I'm not allowed to have my cell phone on me at work due to security reasons (I work for a security printing company and thus I can't have any cameras or recording devices on me, which my phone of course has), so I have to keep it in my locker in the break room. And Friday I forgot to get it on my way out the door. By the time I realized this it was too late to go back for it, there is no evening or weekend shift there, the place is shut down by 6. I could have called my boss' cell and he probably would have met me there to let me get it, he's pretty cool like that, but I stupidly didn't have a hard copy of his number, I only had it saved in my phone. There was nothing I could do, I had no way to get my phone back until Monday morning. But hey, it's just a couple of days I thought, how bad could it be?

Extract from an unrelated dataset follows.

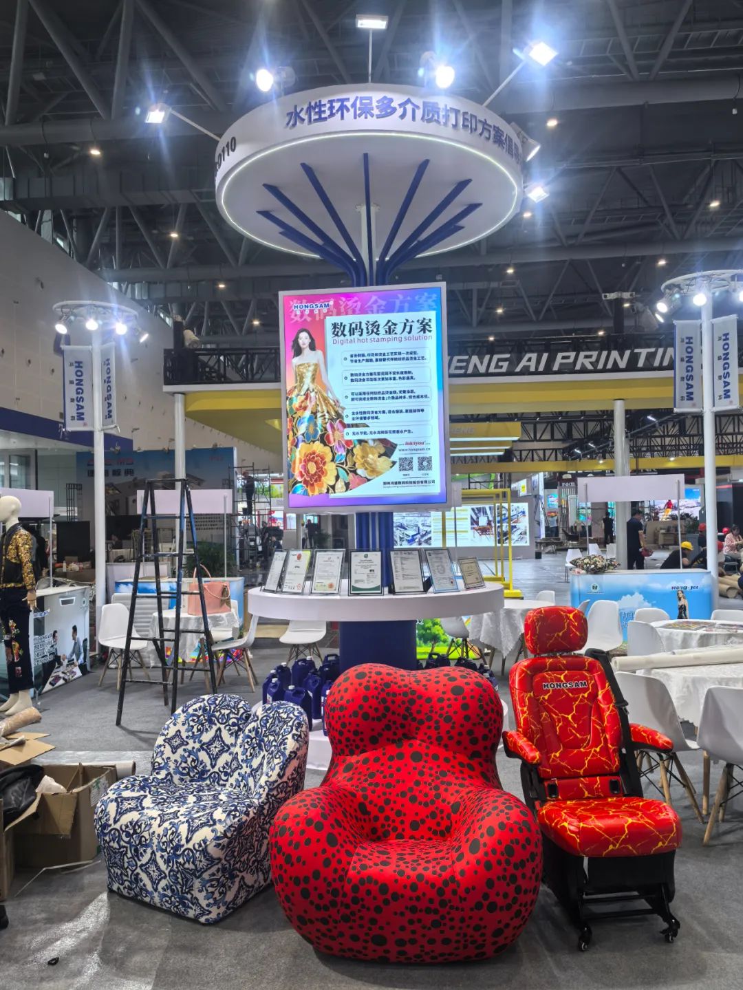 此次參展,鴻盛數碼以別具匠心的“小攤位”展位布置,多方面、多角度地展示了旗下各類數碼印花、數碼印刷、數碼影像及 “墨水 + 工藝 + 服務” 一體化解決方案,全面覆蓋從布料、皮革到軟木、金屬等不同材質的印花應用,助力傳統印花向 “高效、低耗、零排放” 模式升級。

It was a nightmare. I went online to message a few of my closer friends to let them know what happened and I wasn't ignoring them and tried to take my mind off of it. Over and over again I found myself reaching for it in my back pocket. I felt wrong not having it, not checking it. I have a thing with some of my friends where we like to text each other random funny movie or TV quotes and I kept finding myself wanting to do that. Then came bed time, I would need to get up for my comic book stand at Saturday's Market. But I don't have an alarm clock, I use my phone for that. Hell, I don't even own a watch anymore, so all weekend long I was asking everybody what time it was. Luckily I found an old alarm clock in my closet, otherwise I would have been boned.
Then came Saturday. There I am at my stand with my best friend in the world and two other friends there and all I could feel was disconnected. Indeed that's what I felt all weekend, like I was just floating out in the ether. I felt like Zod in the Phantom Zone. Sunday was pretty much more of the same. When Monday morning came I couldn't wait to check my phone. I showed up 15 minutes earlier than normal just to have extra time to check it and charge it before work.

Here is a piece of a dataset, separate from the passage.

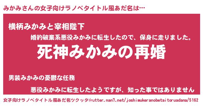 | 男性向けラノベタイトル風あだ名 | 『ノーゲーム・ノーミカミ』 |

How did I become to dependent on this little thing. I'm old enough to remember when a cell phone seemed like a luxury, and kind of a silly one at that. And things like texting would have seemed completely ridiculous to me then. I'm certainly glad to have her back, but this weekend has shown me that I really need to take a long look at how I'm using it and how I've gotten too dependent on it. Also I really gotta back up these numbers into an address book.